__ACTIVITY__: Below is a listing; print exactly its lines from the one containing "Примечание . В" down to the one containing "Charlie B Black Fishnet Crochet Dolman Top", both inclusive, with every picture left out.

__MATERIAL FOR THIS EXERCISE__:

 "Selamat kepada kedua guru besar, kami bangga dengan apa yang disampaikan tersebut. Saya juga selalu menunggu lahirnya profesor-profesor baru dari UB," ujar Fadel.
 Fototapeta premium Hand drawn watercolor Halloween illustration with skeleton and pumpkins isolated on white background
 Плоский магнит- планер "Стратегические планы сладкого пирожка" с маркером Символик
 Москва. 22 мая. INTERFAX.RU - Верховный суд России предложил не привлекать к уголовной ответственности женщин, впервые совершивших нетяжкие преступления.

==

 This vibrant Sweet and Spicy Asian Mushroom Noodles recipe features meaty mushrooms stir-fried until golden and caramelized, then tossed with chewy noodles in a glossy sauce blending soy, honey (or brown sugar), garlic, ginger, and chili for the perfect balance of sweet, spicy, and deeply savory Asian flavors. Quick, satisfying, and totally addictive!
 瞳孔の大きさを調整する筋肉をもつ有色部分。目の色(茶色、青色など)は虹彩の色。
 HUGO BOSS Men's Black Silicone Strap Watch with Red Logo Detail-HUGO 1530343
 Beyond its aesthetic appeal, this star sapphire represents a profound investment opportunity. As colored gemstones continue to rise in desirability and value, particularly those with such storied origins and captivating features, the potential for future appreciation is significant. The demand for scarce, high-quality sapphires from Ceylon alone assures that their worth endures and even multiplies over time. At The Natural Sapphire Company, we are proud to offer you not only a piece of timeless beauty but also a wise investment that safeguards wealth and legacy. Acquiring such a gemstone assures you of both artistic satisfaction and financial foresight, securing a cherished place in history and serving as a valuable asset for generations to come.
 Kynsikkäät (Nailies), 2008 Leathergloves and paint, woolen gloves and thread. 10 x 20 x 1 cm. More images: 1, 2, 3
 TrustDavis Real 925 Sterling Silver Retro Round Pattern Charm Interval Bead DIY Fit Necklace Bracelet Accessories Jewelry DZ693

---

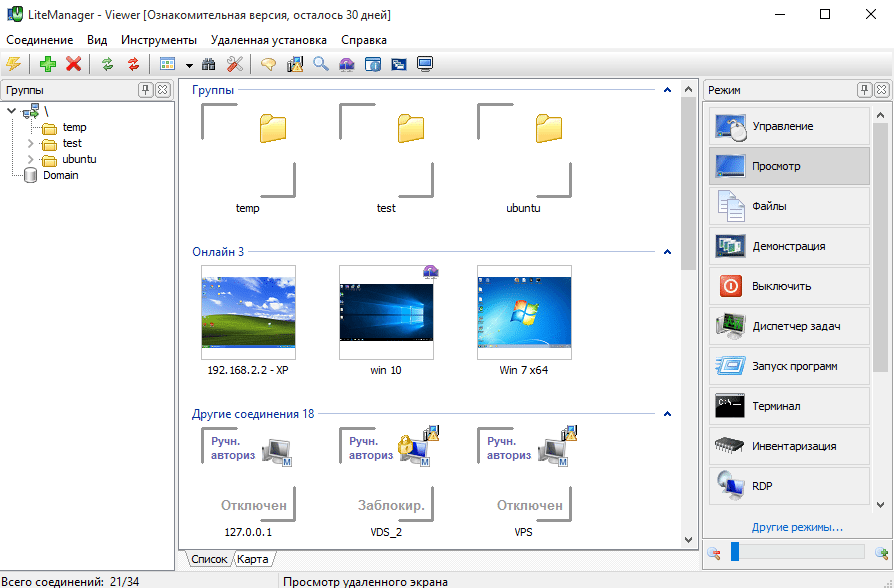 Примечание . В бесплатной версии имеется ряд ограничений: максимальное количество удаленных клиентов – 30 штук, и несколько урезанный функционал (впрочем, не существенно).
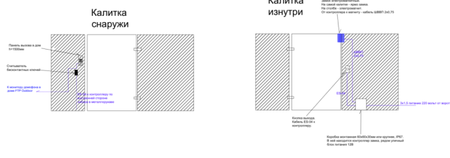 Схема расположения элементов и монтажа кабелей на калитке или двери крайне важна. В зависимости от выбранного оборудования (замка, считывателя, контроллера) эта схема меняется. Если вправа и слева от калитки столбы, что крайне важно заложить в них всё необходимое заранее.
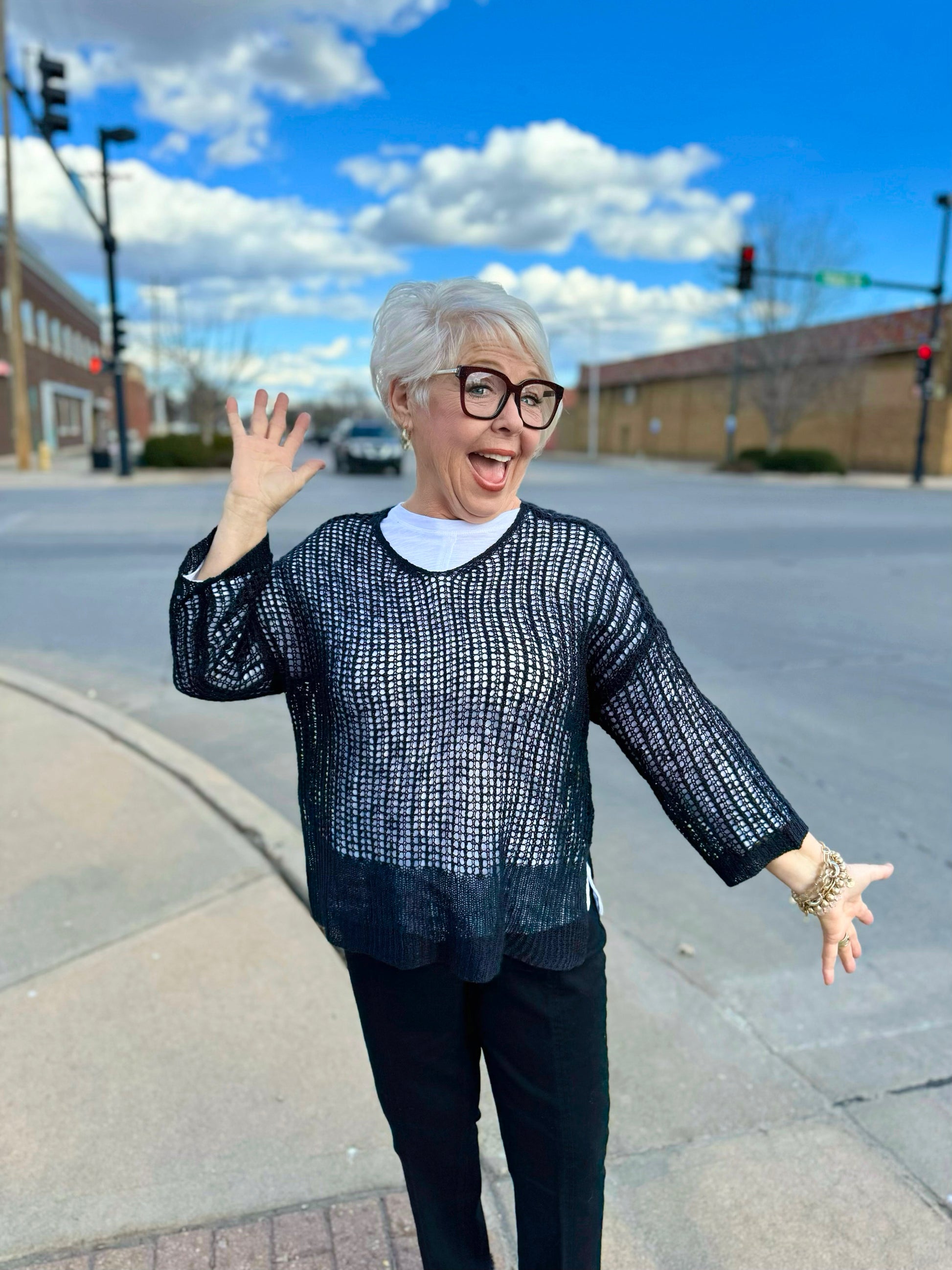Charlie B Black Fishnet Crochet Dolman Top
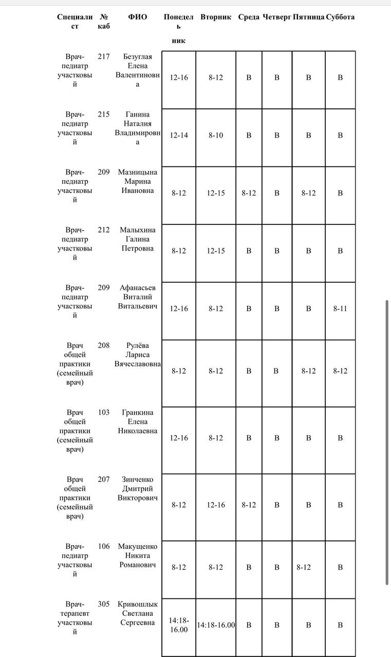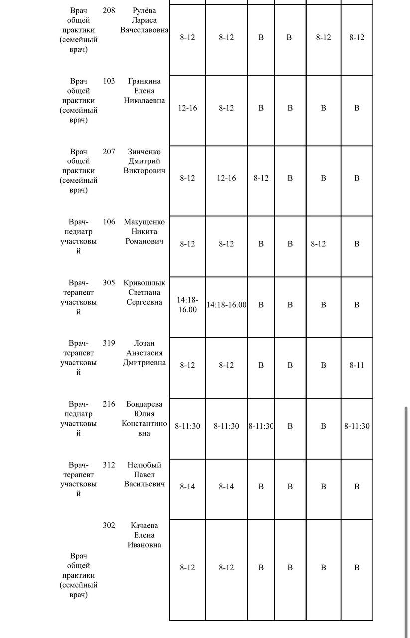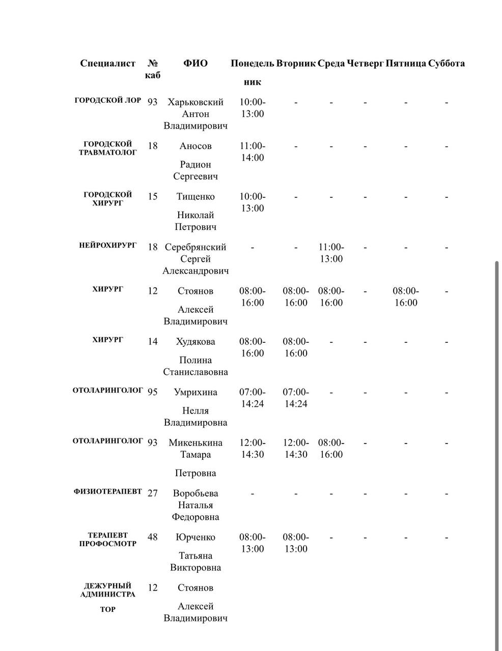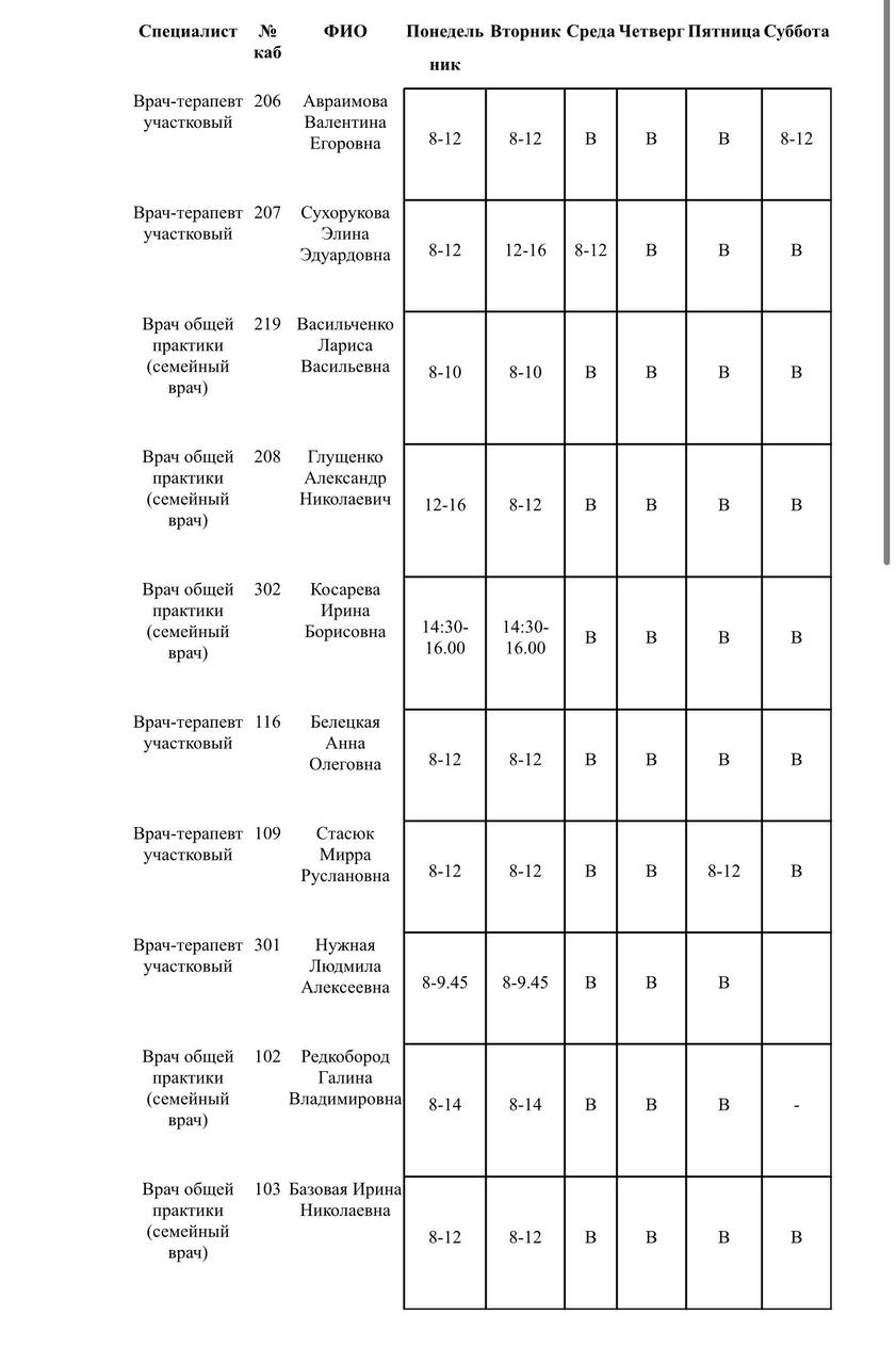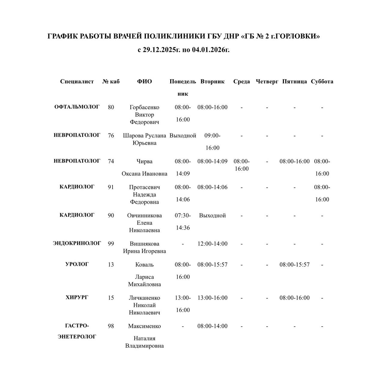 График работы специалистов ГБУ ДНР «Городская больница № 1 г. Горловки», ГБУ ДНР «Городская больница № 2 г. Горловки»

__ANSWER TO THIS PROBLEM__:
 Примечание . В бесплатной версии имеется ряд ограничений: максимальное количество удаленных клиентов – 30 штук, и несколько урезанный функционал (впрочем, не существенно).
 Схема расположения элементов и монтажа кабелей на калитке или двери крайне важна. В зависимости от выбранного оборудования (замка, считывателя, контроллера) эта схема меняется. Если вправа и слева от калитки столбы, что крайне важно заложить в них всё необходимое заранее.
Charlie B Black Fishnet Crochet Dolman Top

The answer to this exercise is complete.